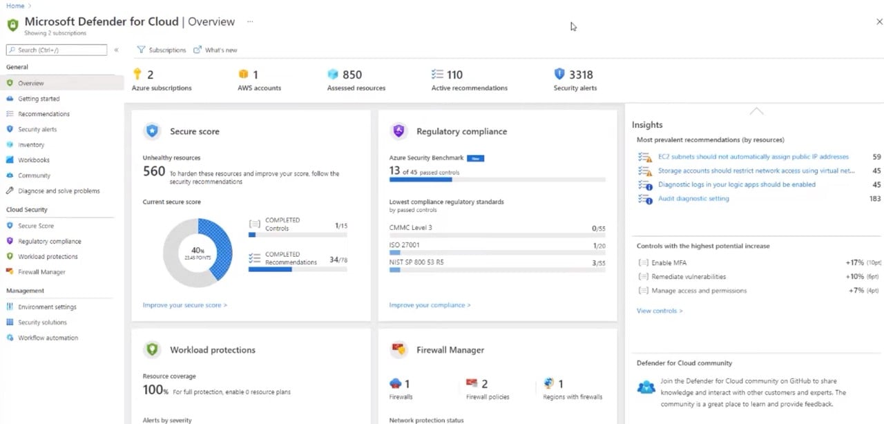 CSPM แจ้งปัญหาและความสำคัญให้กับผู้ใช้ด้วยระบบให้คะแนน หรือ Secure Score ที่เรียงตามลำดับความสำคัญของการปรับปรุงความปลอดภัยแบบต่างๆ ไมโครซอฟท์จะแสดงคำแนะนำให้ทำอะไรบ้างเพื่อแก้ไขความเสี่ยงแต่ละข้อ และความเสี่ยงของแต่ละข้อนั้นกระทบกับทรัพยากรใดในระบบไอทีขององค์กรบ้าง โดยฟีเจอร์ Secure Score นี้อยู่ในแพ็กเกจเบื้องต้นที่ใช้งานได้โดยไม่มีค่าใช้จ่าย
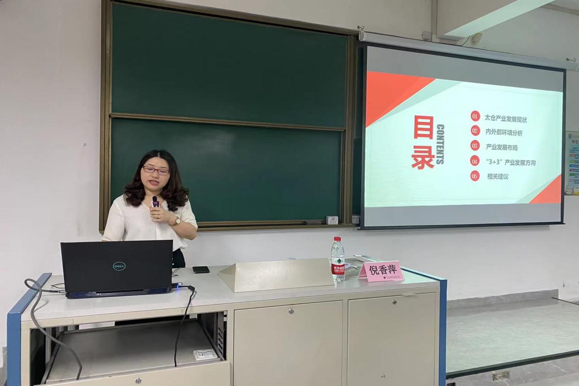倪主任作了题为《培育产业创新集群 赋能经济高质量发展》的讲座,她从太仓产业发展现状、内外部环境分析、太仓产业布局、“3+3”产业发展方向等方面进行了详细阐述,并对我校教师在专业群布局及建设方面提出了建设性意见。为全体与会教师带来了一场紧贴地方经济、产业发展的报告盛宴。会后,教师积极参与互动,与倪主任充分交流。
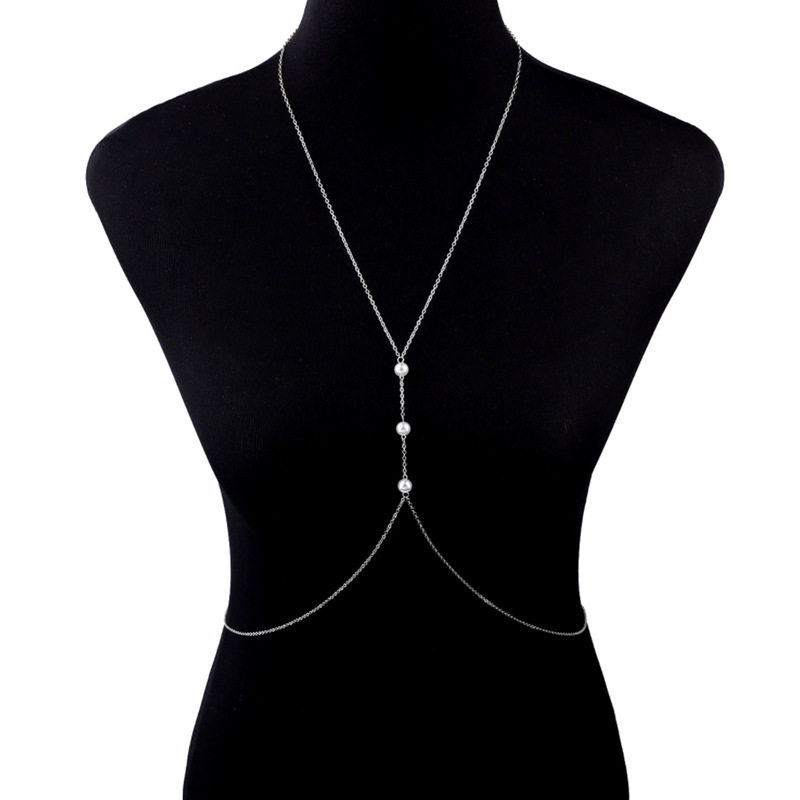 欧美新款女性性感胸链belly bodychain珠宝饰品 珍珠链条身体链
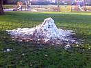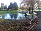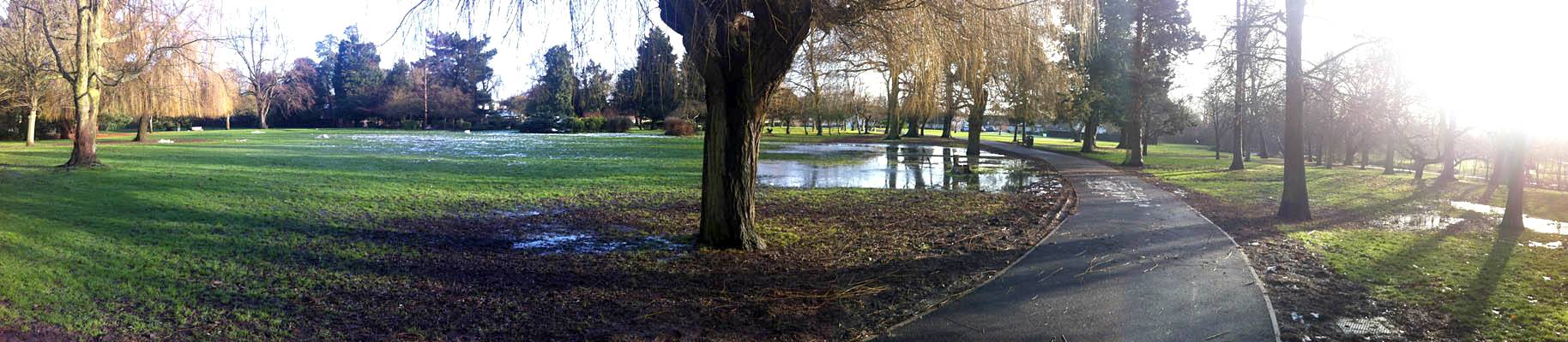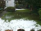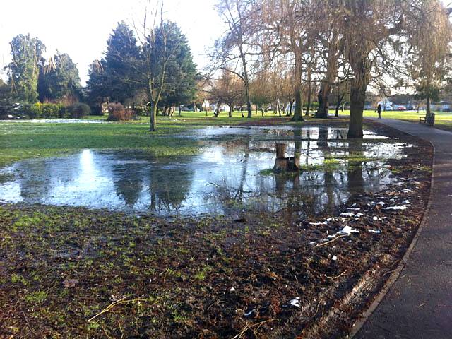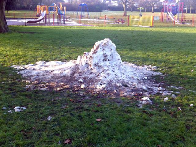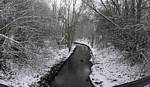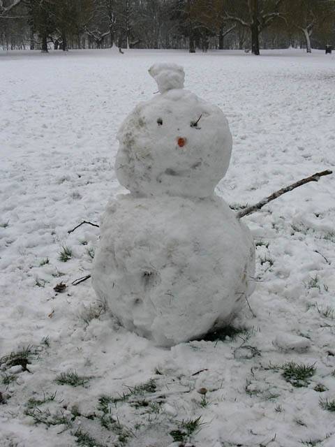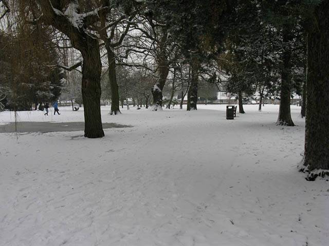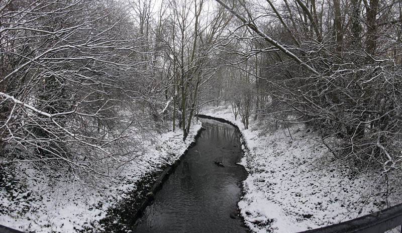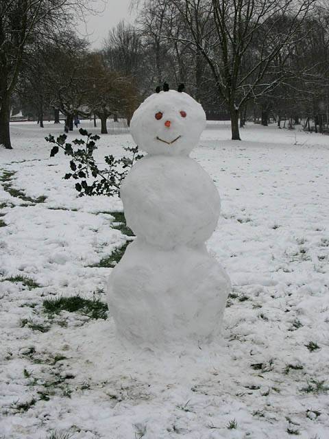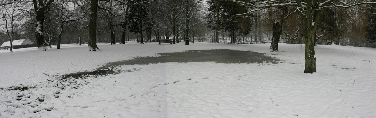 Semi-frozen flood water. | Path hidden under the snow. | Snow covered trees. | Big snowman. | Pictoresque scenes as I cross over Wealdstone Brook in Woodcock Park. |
____________
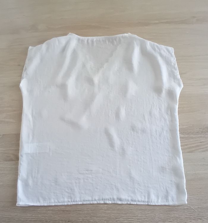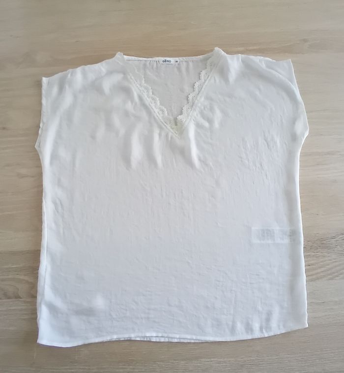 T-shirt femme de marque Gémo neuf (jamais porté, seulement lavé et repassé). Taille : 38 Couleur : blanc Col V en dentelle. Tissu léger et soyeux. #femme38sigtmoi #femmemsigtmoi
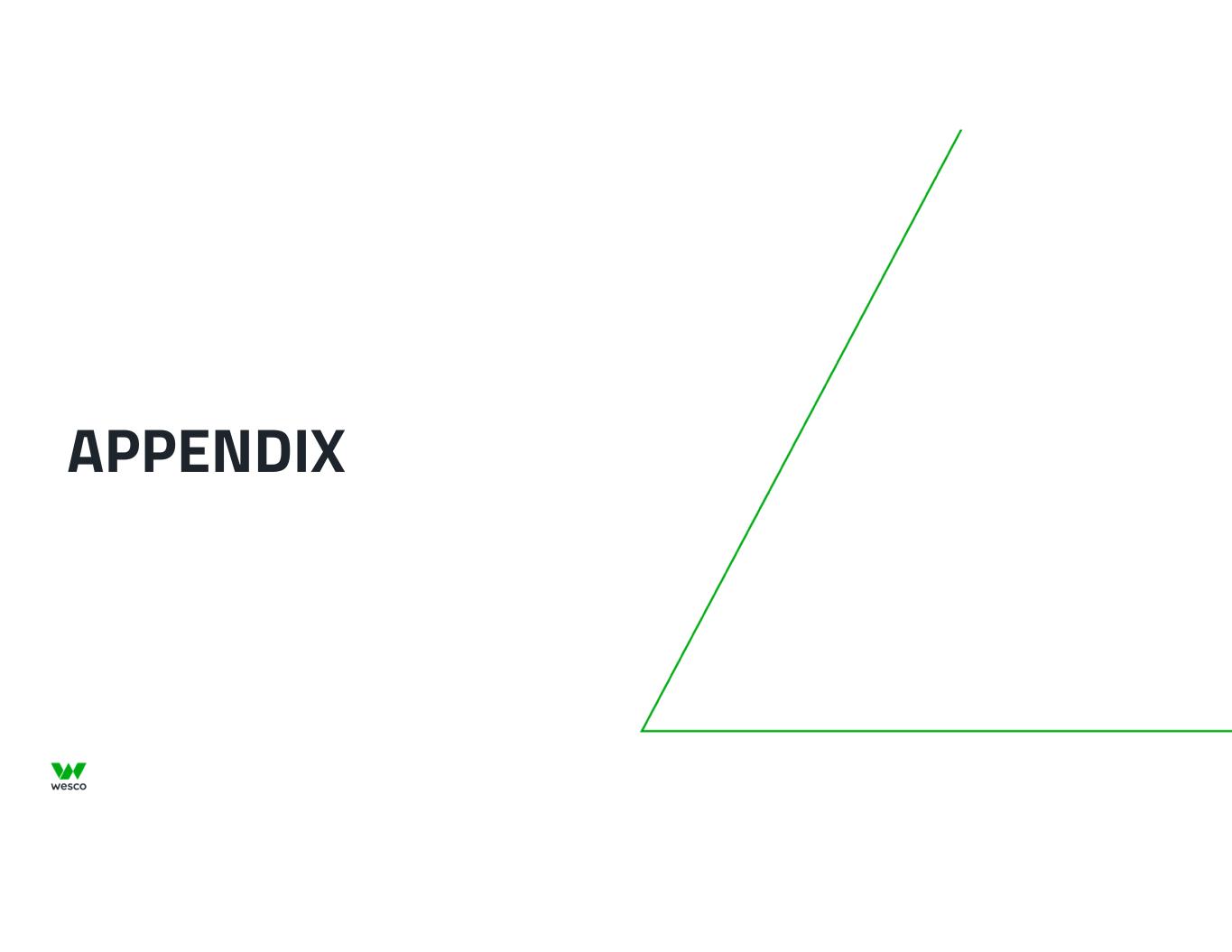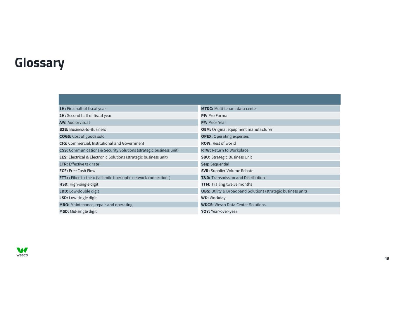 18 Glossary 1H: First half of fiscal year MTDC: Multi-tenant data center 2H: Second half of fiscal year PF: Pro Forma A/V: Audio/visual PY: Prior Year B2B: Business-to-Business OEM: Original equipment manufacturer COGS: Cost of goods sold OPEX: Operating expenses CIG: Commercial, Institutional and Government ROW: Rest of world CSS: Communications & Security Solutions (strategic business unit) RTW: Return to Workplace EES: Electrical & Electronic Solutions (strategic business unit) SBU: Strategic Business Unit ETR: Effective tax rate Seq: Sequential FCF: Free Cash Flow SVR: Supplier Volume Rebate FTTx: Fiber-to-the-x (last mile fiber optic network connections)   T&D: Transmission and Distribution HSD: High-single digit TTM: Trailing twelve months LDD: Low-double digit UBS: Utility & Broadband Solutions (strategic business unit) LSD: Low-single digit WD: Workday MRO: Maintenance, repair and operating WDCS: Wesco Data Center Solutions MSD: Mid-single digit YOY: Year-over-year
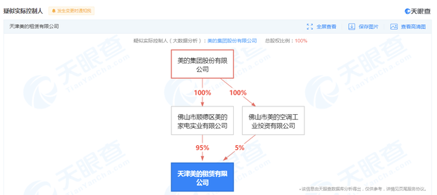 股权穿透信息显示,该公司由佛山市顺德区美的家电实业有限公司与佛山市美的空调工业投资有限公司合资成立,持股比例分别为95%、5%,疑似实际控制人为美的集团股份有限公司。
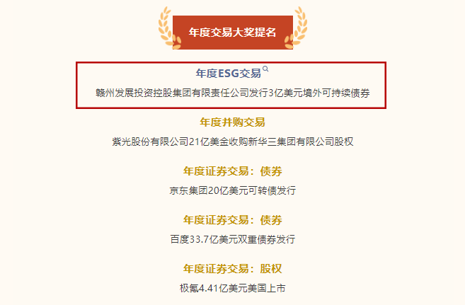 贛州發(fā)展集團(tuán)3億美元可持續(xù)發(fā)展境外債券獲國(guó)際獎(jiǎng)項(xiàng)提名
____________
| WHAT THE EXERCISE ASKS |
Could you output exactly the lines above, from the line with "CSPM แจ้งปัญหาและความสำคัญให้กับผู้ใช้ด้วยระบบให้คะแนน หรือ" up to and including the line with "Semi-frozen flood water.", and nothing else, skipping the pictures?

| RESPONSE TO THE TASK |
 CSPM แจ้งปัญหาและความสำคัญให้กับผู้ใช้ด้วยระบบให้คะแนน หรือ Secure Score ที่เรียงตามลำดับความสำคัญของการปรับปรุงความปลอดภัยแบบต่างๆ ไมโครซอฟท์จะแสดงคำแนะนำให้ทำอะไรบ้างเพื่อแก้ไขความเสี่ยงแต่ละข้อ และความเสี่ยงของแต่ละข้อนั้นกระทบกับทรัพยากรใดในระบบไอทีขององค์กรบ้าง โดยฟีเจอร์ Secure Score นี้อยู่ในแพ็กเกจเบื้องต้นที่ใช้งานได้โดยไม่มีค่าใช้จ่าย
倪主任作了题为《培育产业创新集群 赋能经济高质量发展》的讲座,她从太仓产业发展现状、内外部环境分析、太仓产业布局、“3+3”产业发展方向等方面进行了详细阐述,并对我校教师在专业群布局及建设方面提出了建设性意见。为全体与会教师带来了一场紧贴地方经济、产业发展的报告盛宴。会后,教师积极参与互动,与倪主任充分交流。
 欧美新款女性性感胸链belly bodychain珠宝饰品 珍珠链条身体链
 Semi-frozen flood water. | Path hidden under the snow. | Snow covered trees. | Big snowman. | Pictoresque scenes as I cross over Wealdstone Brook in Woodcock Park. |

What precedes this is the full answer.